# Want Some Child Slavery with Your Chocolate?



## User101 (Mar 3, 2002)

Remember those efforts to get the chocolate companies to get rid of child slavery in the cocoa trade? They aren't working.

Quote:

"We have cajoled, negotiated, held meetings and conducted endless
conversations with the various stakeholders," Harkin said. "But the time for
talk has passed. Children are suffering. The industry must make clear when
and if it intends to live up to its commitments."
http://www.kansascity.com/mld/kansas...0879646.htm?1c

You can also learn more here
http://www.stopchildlabor.org/intern.../chocolate.htm

Also more here:

Quote:

Producer poverty comes at the hands of large chocolate corporations, such as M&M/Mars and other members of the Chocolate Manufacturers Association of America, that manipulate the market to keep profits high while producer incomes stay low.
http://www.globalexchange.org/campai...irtrade/cocoa/

Demand accountability from M & M/MARS

Find other ways to take action here


----------



## Mommiska (Jan 3, 2002)

Thanks so much for posting this!
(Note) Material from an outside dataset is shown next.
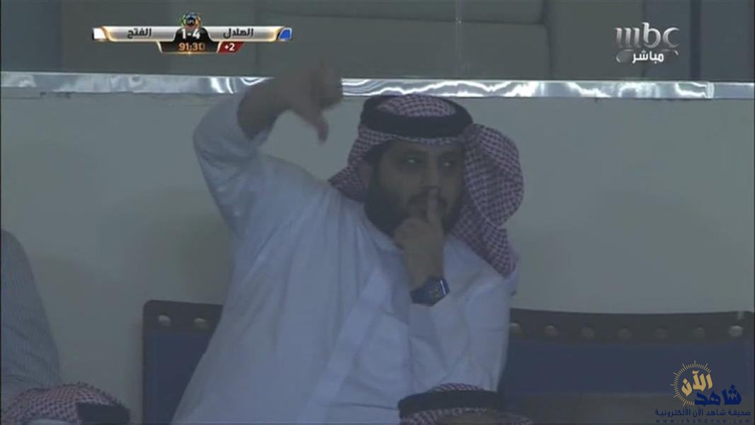 وأشار آل الشيخ بيده عدة مرات بإيماءة تدل على استيائه من تصرف الجماهير، وذلك في الدقيقة الأخيرة من المباراة التي انتهت بفوز الهلال بأربعة أهداف لهدف واحد.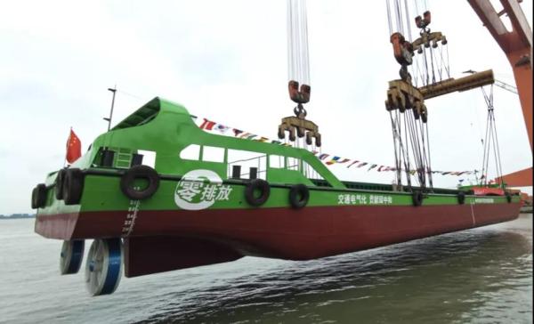 64TEU内河绿色智能集装箱船项目由国网电动汽车服务有限公司投资,严新平院士担任技术首席专家,带领武汉理工大学国家水运安全工程技术研究中心联合船舶设计方、船舶标准制定方、设备研制方和船舶制造方等产业链参与单位紧密合作,共同攻克了多个技术难关,集成了模块化集装箱电池动力组、直流组网、无轴轮缘驱动器、船舶安全辅助驾驶等多项创新技术”,形成20余项知识产权和多项行业标准,显著提升了我国电动船舶研究设计与制造水平。

We all need the reminder occasionally that the chocolate we eat has often been produced at an unacceptable price to others.









A warning - Fair Trade chocolate is significantly more expensive than non-Fair Trade chocolate, and that can put people off.

But you have got to ask yourself - *why* exactly is non-Fair Trade chocolate so much cheaper? If you are not paying the extra cost of production, someone else is.


----------



## Viola (Feb 1, 2002)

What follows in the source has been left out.